_Exercise goal_
Word for word, restate the lines of the data below between those holding "Узор на петлях" and "时刻美电子表男初中学生青少年防水特种兵机械潮流儿童运动手表男1155B", inclusive; pictures do not belong in the copy.
- Opening Delimiter -
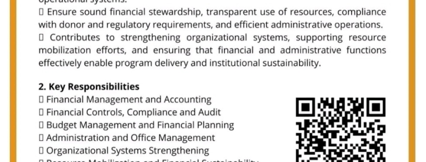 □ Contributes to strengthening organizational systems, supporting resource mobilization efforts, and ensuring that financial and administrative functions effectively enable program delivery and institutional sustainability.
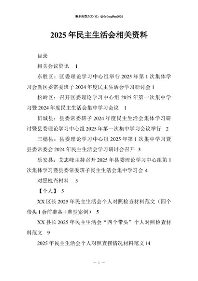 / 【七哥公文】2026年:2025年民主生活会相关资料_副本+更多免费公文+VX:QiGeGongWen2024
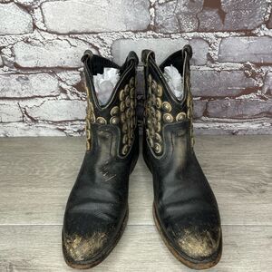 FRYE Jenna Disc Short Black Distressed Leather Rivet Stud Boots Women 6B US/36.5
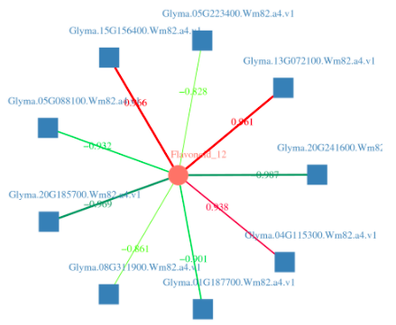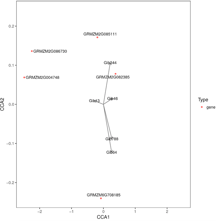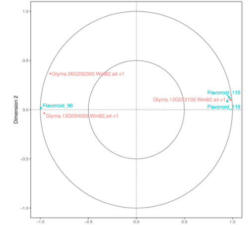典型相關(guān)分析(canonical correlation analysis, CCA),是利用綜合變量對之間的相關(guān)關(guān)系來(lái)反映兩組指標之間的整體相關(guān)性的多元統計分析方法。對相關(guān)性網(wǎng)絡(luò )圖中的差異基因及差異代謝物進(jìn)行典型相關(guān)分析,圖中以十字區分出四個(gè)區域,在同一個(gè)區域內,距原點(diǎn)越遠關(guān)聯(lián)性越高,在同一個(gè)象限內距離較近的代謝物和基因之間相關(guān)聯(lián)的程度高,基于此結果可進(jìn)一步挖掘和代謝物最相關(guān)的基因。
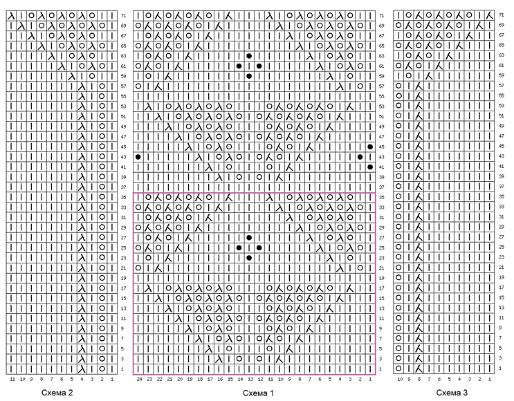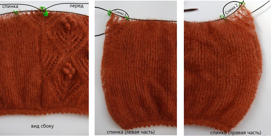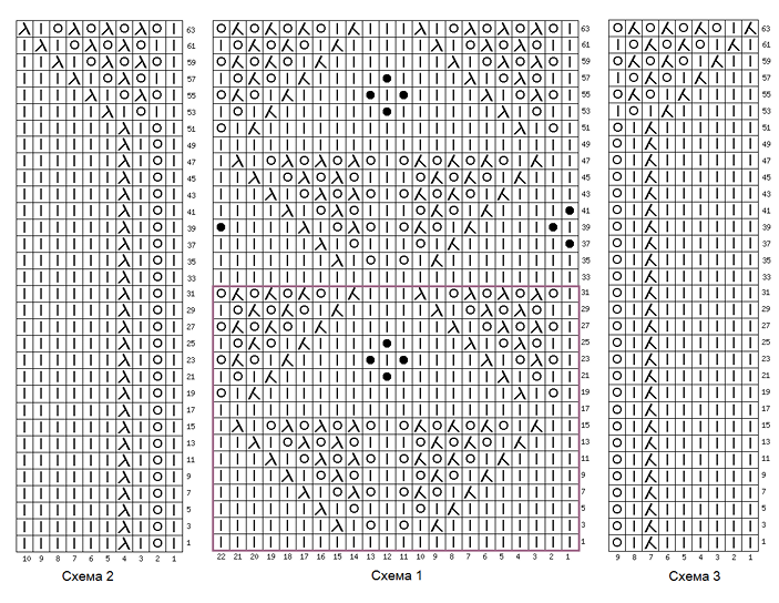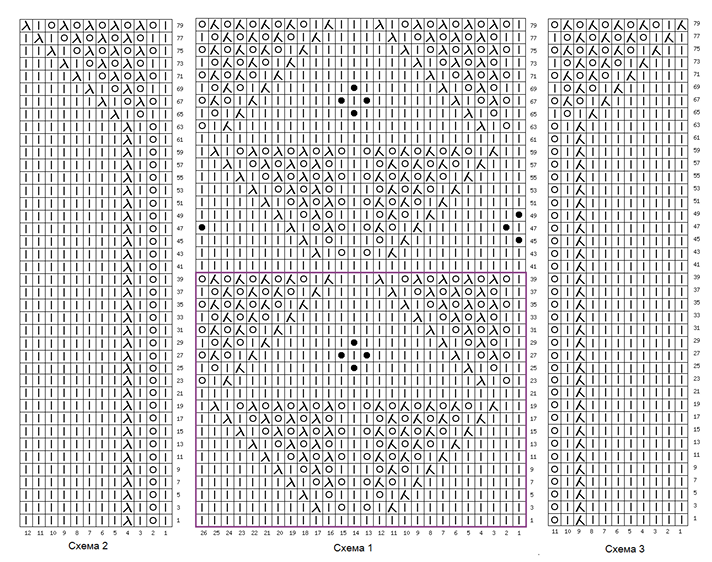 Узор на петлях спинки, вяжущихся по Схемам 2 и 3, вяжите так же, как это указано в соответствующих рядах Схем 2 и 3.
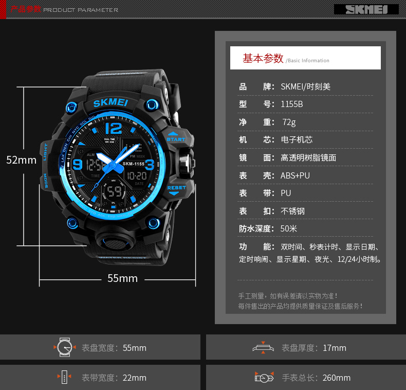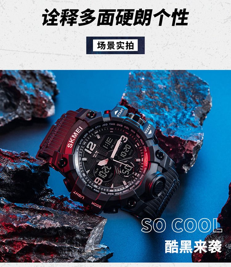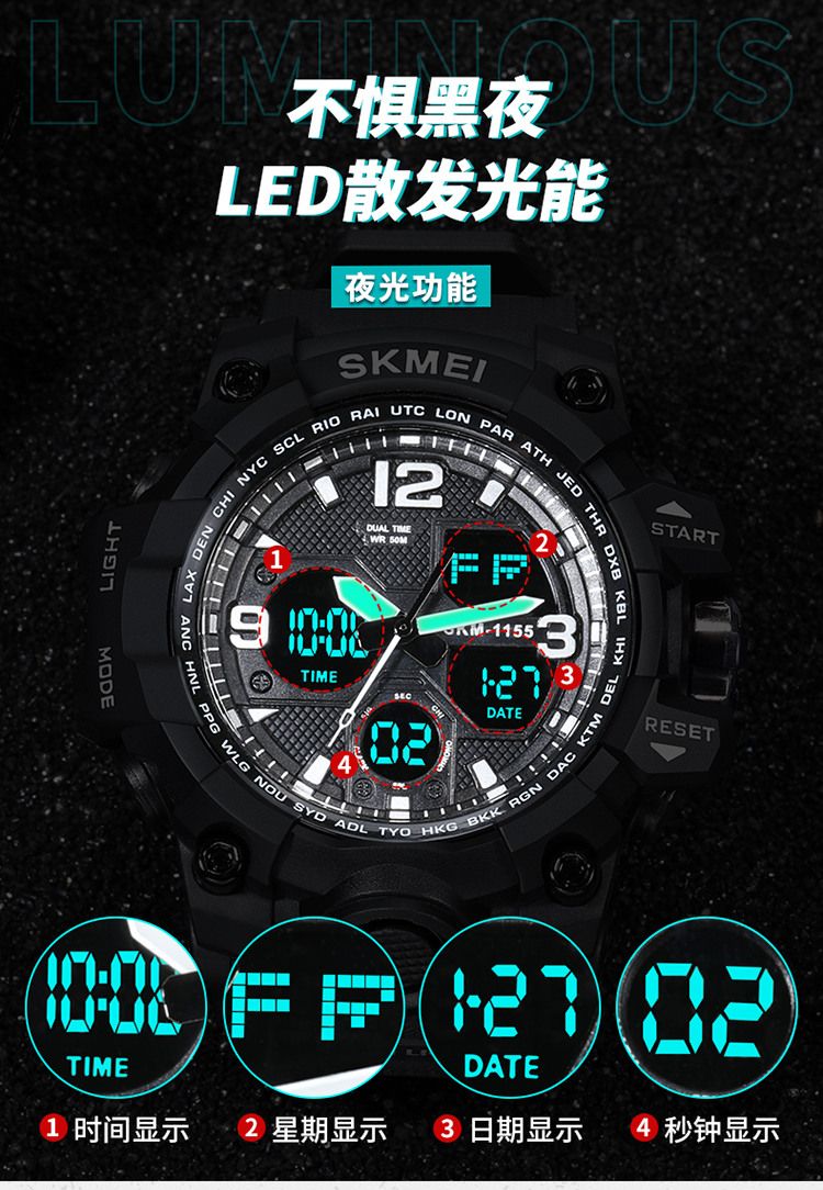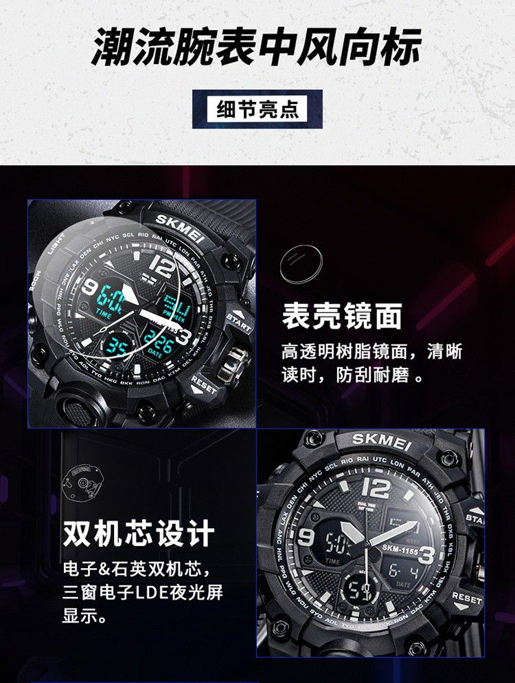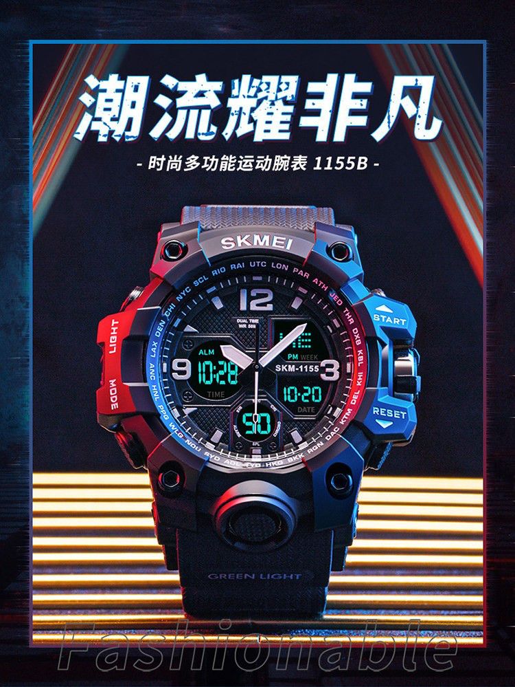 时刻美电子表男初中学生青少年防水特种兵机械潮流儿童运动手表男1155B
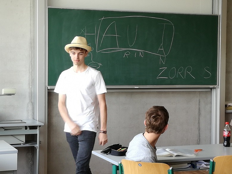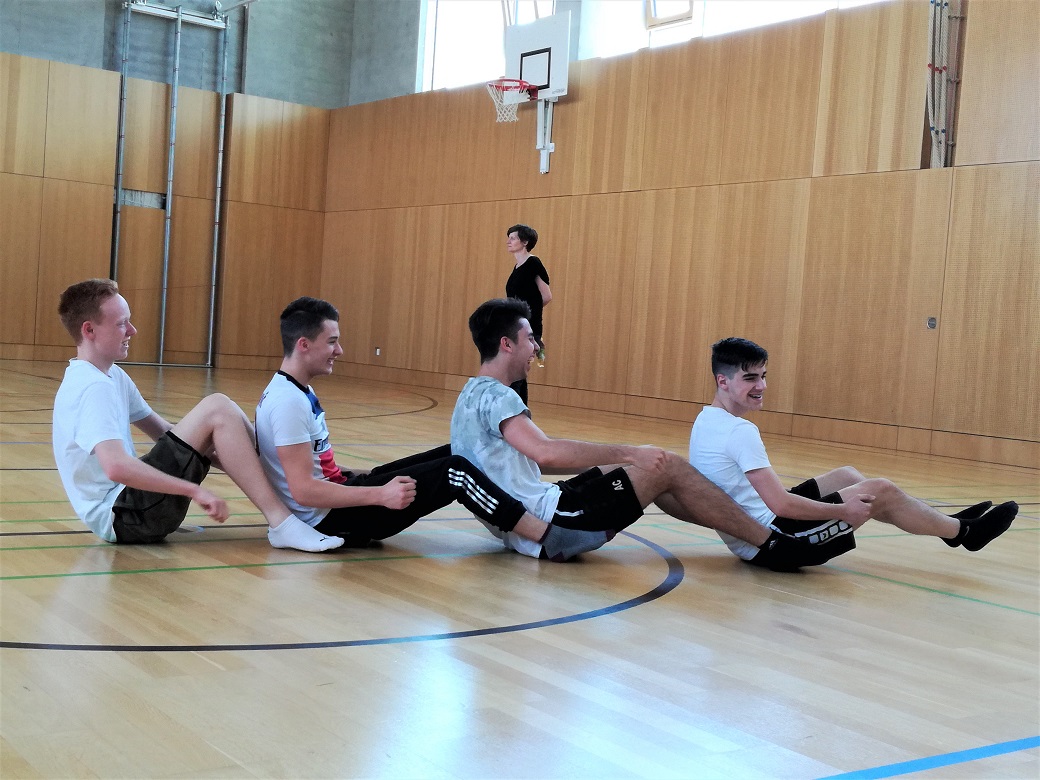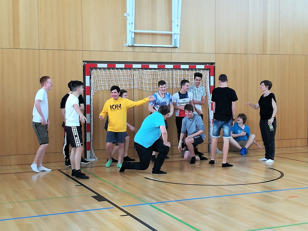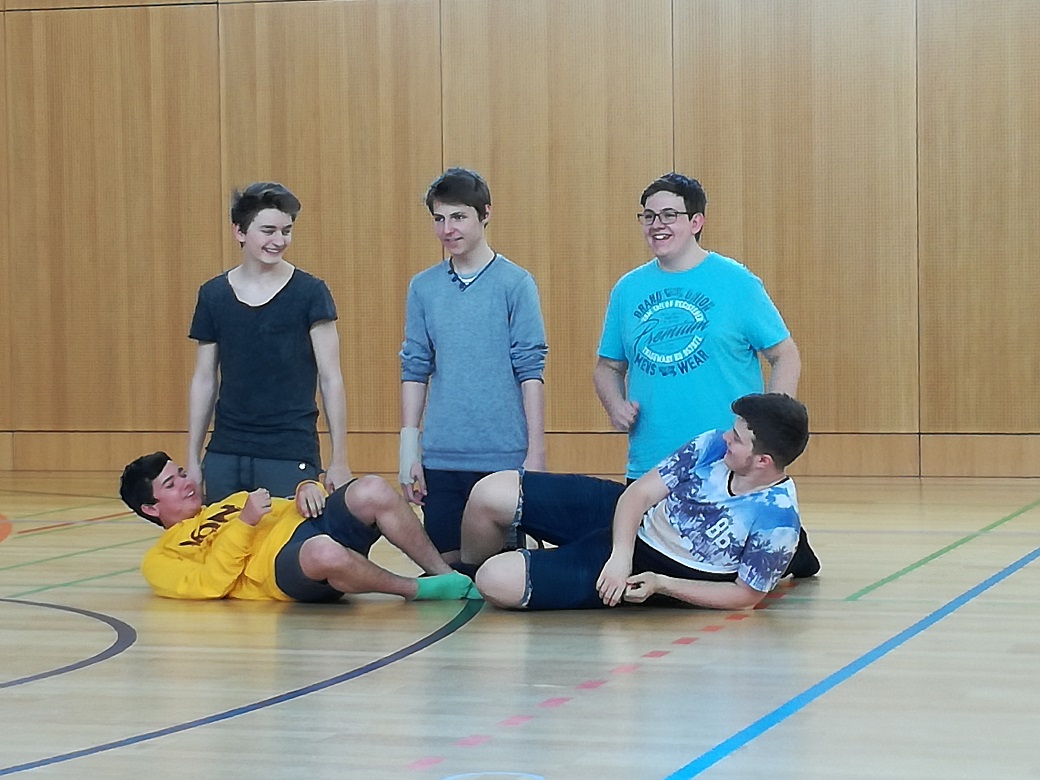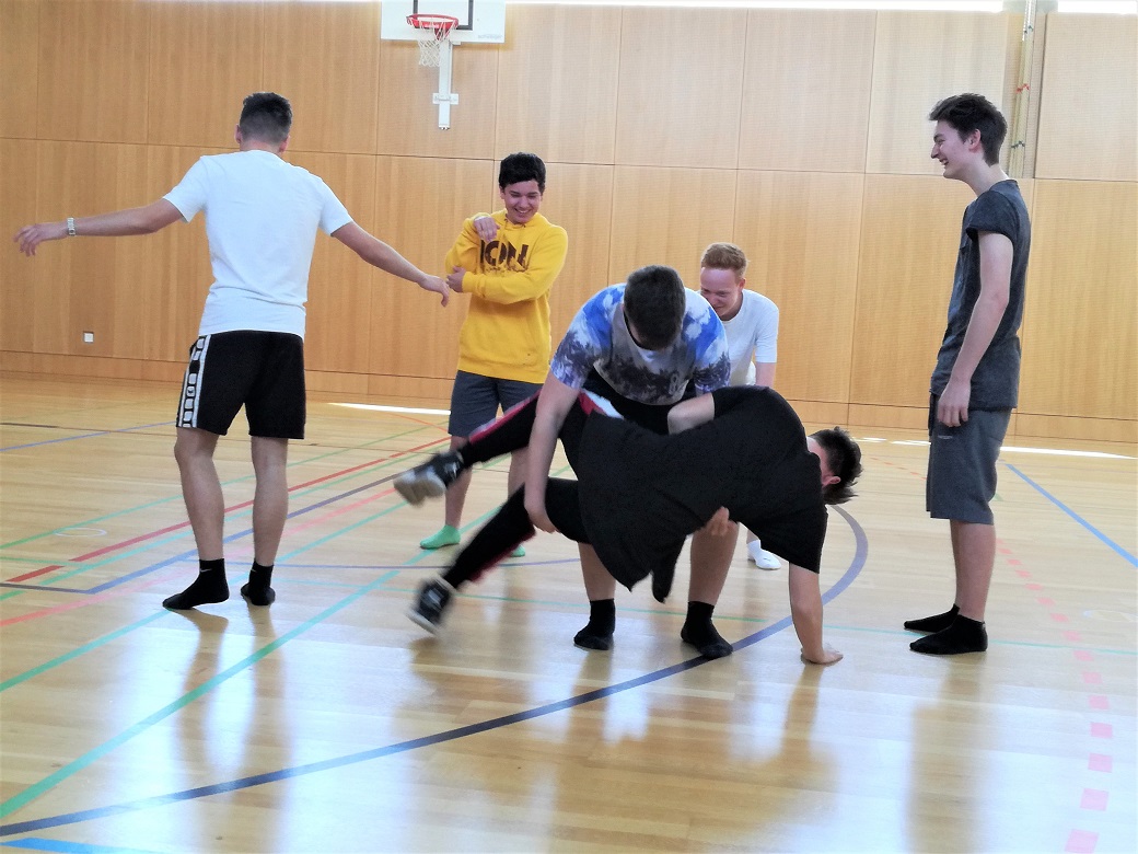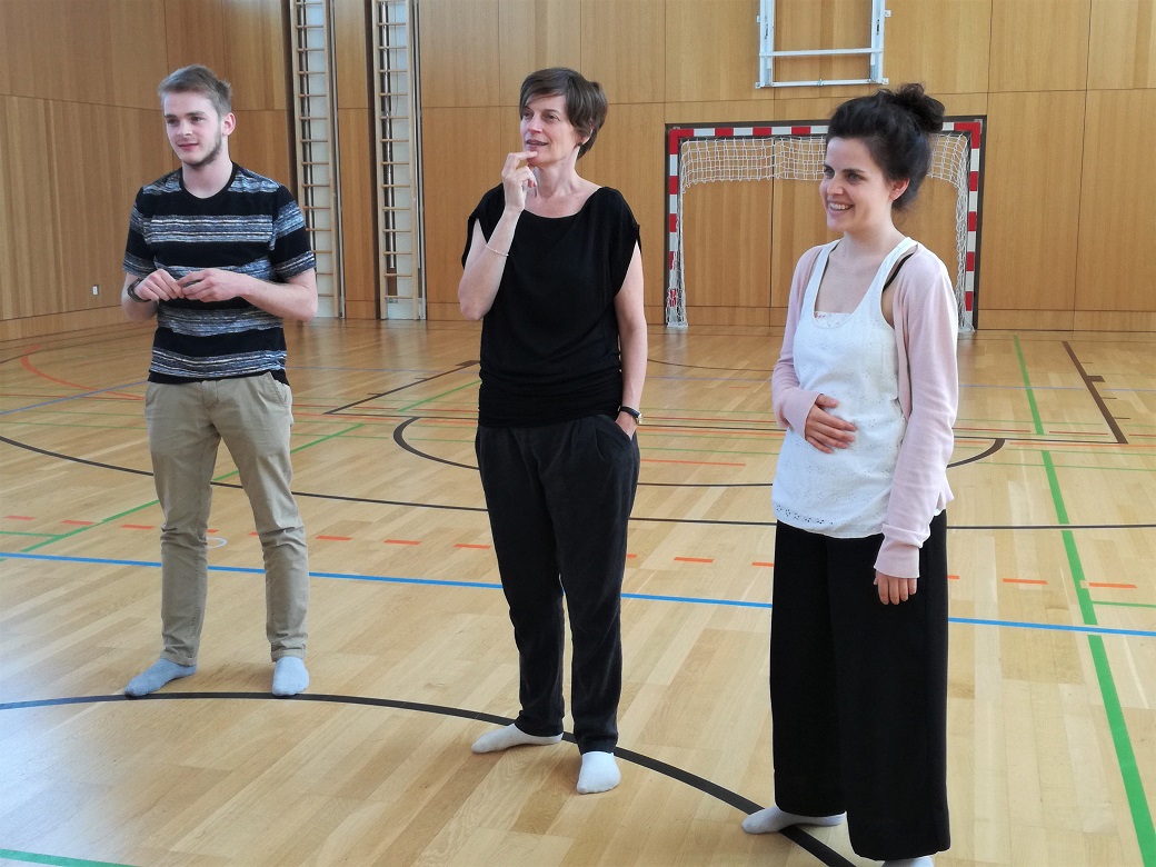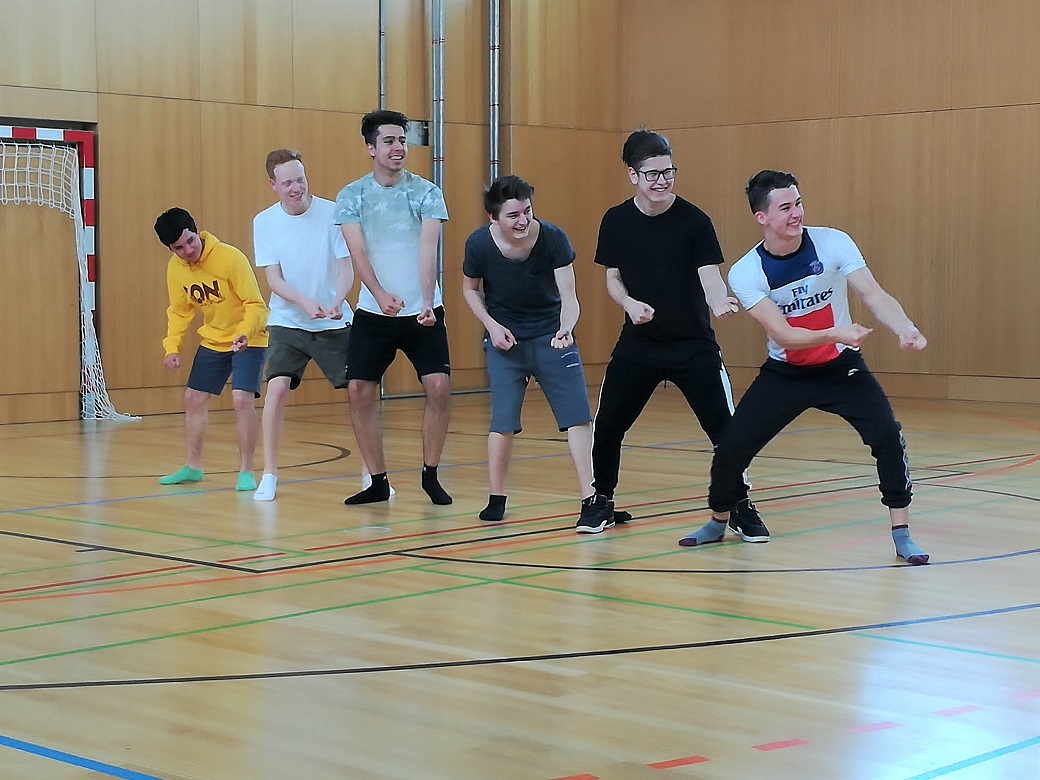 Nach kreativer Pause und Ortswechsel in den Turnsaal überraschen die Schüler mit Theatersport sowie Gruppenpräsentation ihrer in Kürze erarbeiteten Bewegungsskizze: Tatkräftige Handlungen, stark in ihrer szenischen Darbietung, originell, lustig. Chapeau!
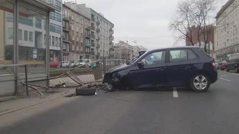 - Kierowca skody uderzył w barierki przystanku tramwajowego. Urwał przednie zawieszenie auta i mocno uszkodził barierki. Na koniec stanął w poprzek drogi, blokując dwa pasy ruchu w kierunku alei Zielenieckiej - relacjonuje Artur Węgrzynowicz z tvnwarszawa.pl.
- Closing Delimiter -
_Answer to this task_
 Узор на петлях спинки, вяжущихся по Схемам 2 и 3, вяжите так же, как это указано в соответствующих рядах Схем 2 и 3.
 时刻美电子表男初中学生青少年防水特种兵机械潮流儿童运动手表男1155B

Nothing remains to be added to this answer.